How to Create an accessible PDF using low-level functions

This code snippet works with a PDF document and its tagged content, utilizing an Aspose.PDF library to process it.

The example creates a new span element in the tagged content of the first page of a PDF, finds all BDC elements, and associates them with the span. The modified document is then saved.

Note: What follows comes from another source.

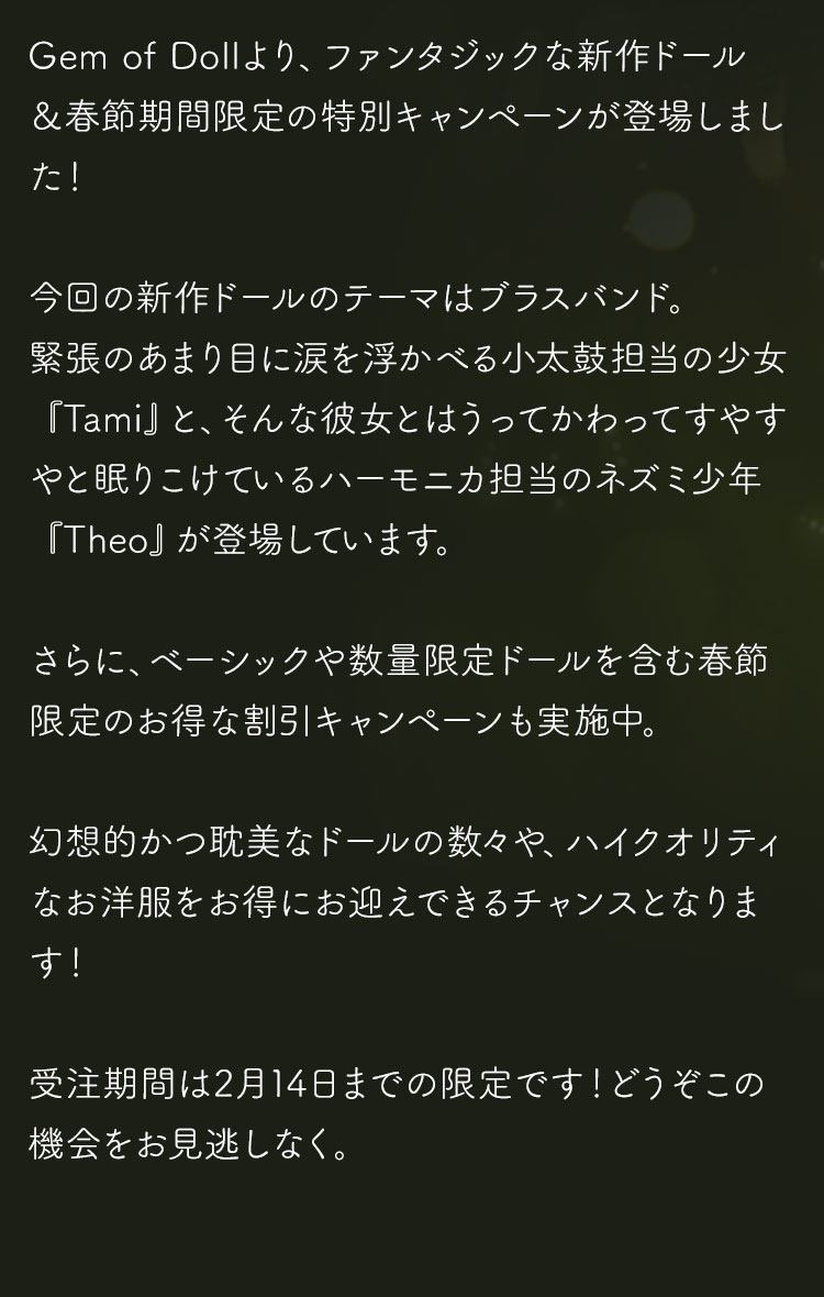 今回の新作ドールのテーマはブラスバンド。緊張のあまり目に涙を浮かべる小太鼓担当の少女『Tami』と、そんな彼女とはうってかわってすやすやと眠りこけているハーモニカ担当のネズミ少年『Theo』が登場しています。さらに、ベーシックや数量限定ドールを含む春節限定のお得な割引キャンペーンも実施中。 幻想的かつ耽美なドールの数々や、ハイクオリティなお洋服をお得にお迎えできるチャンスとなります! 受注期間は2月14日までの限定です!どうぞこの機会をお見逃しなく。

You can create a bdc statement specifying mcid, lang, and expansion text using the BDCProperties object:

BDC bdc = new BDC(PdfConsts.P, new BDCProperties(1, "de", "Hallo, welt!"));

After creating the structure tree, it is possible to bind the BDC operator to the specified element of the structure with method Tag on the element object:

SpanElement span = content.CreateSpanElement();
span.Tag(bdc);

Steps to creating an accessible PDF:

  1. Load the PDF Document.
  2. Access Tagged Content.
  3. Create a Span Element.
  4. Append Span to Root Element.
  5. Iterate Over Page Contents.
  6. Check for BDC Elements and Tag Them.
  7. Save the Modified Document.
var document = new Document(somepdffilepath);
ITaggedContent content = document.TaggedContent;
SpanElement span = content.CreateSpanElement();
content.RootElement.AppendChild(span);
foreach (var op in document.Pages[1].Contents)
{
    BDC bdc = op as BDC;
    if (bdc != null)
    {
        span.Tag(bdc);
    }
}

document.Save(output);

This code modifies a PDF by creating a span element within the document’s tagged content and tagging specific content (BDC operations) from the first page with this span. The modified PDF is then saved to a new file.